In the next few weeks, a group of judicious and respected Kentucky Baptist leaders will engage representatives from Campbellsville University in what we trust will be an open and honest dialogue. The purpose of this undertaking is to better understand the theological convictions that chart CU’s course and whether or not those convictions are still compatible with the mission our Lord has given the churches of the Kentucky Baptist Convention.
Recent news that the university will not tenure a popular professor in their school of theology has solicited both an outpouring of support for the professor and swirling accusations about the university. For most Kentucky Baptists, a personnel matter at one of our nine agencies or institutions is a matter that should be handled privately by the administration without interference by the public.
Claims, however, that CU retains other professors in the school of theology who reject biblical authority and professors in other disciplines who affirm evolution, are difficult for many Kentucky Baptists to swallow. This is especially true when well over $1 million of their missions offerings are helping pay the salaries of those professors every year.
As I peruse emails I have received calling for the defunding of CU and threatening to defund the Cooperative Program if the KBC does not take action, I understand the concerns but am equally concerned that we do not rush to judgment.

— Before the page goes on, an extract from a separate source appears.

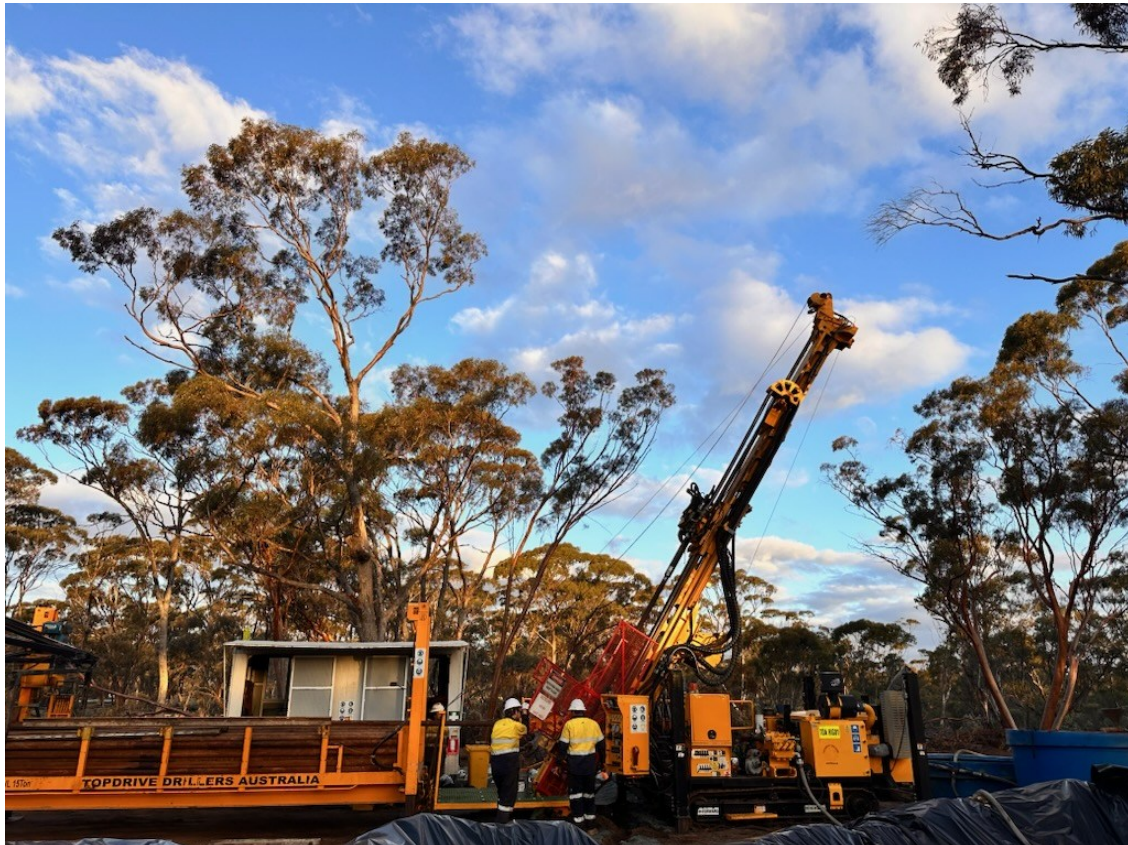
Figure 1: Commencement of Diamond Drilling at Hopes Hill project.

I earnestly pray that accusations regarding one institution will not be used to undermine all that Kentucky Baptists support, including the education 16,000 Southern Baptist Convention seminary students and more than 10,000 missionaries and church planters taking the gospel to Kentucky, North America, and the ends of the earth.

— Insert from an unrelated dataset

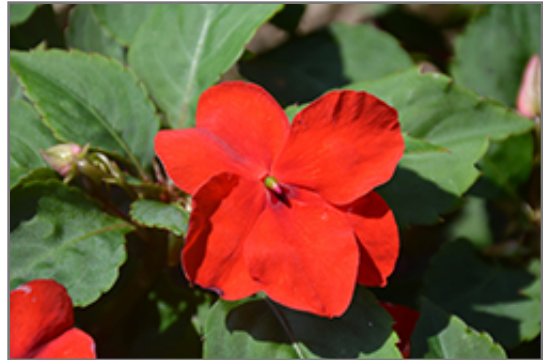
Accent Premium Red Impatiens flowers

Accent Premium Red Impatiens is recommended for the following landscape applications;
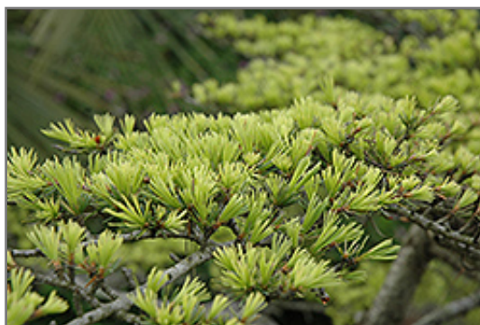
Golden Deodar Cedar foliage

I am, however, genuinely troubled by the testimonies of some current and former CU students.
Tenuous and fragile are words that describe the relationships between most state conventions and their liberal arts universities. Higher education, by its very nature, requires the kind of academic freedom and exploration that is sometimes difficult to envision being funded by missions offerings. But if academic freedom is no longer afforded to those who hold to “the faith once delivered to the saints” (Jude 1:3) and teach a high view of Scripture (2Tim 3:16), the time for church support has clearly passed.
Is this the case for Kentucky Baptists and another of their historic educational institutions? I certainly hope not and appreciate the wisdom of God’s word where it says, “The one who states his case first seems right, until the other comes and examines him” (Prov 18:17). Given the claims being made by CU’s detractors, open and honest dialogue is necessary to reveal the answer to this question.

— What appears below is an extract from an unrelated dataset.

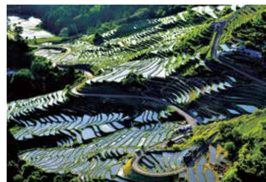
Maruyama Terraced Rice Fields, Mie Pref. 三重县丸山梯田

Of special spiritual significance is Mie's Iseji, a 170-kilometer trail connecting the revered shrines of Ise Jingu and Kumano Sanzan. Enjoy stone-laid paths and primeval forests of Kumano Kodo as you hike panoramic passes of cryptomeria and bamboo trees and view the Pacific Ocean, beautiful rice terraces, and other breathtaking sights along this sacred way.
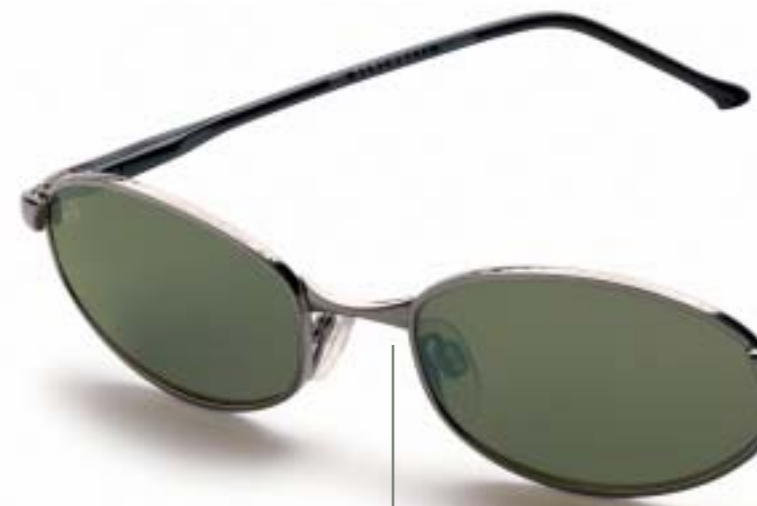
ILIAD BASE CURVE: 6 TEMPLE LENGTH: 135MM/SPRING HINGES LENS SIZE: 50 X 32.3 X 50.8MM, DBL 19MM *6794: GUNMETAL WITH SHINY BLACK

Again, the purpose of this undertaking is not to enter into the inherently private personnel issues of the university but to determine the compatibility of CU’s mission with the mission of the churches of the KBC.
Kentucky Baptists have been on a journey together for more than 175 years. That journey has found us investing in the work of CU for nearly a century. Let us not rush to judgment on this matter for “one who is wise is cautious” (Prov 14:16). Instead, let us walk with prudence, seeking knowledge that will lead to understanding (Ps 119:66).
Please join me in praying that God will grant us the understanding we need so that the mission He has given Kentucky Baptists can be accomplished.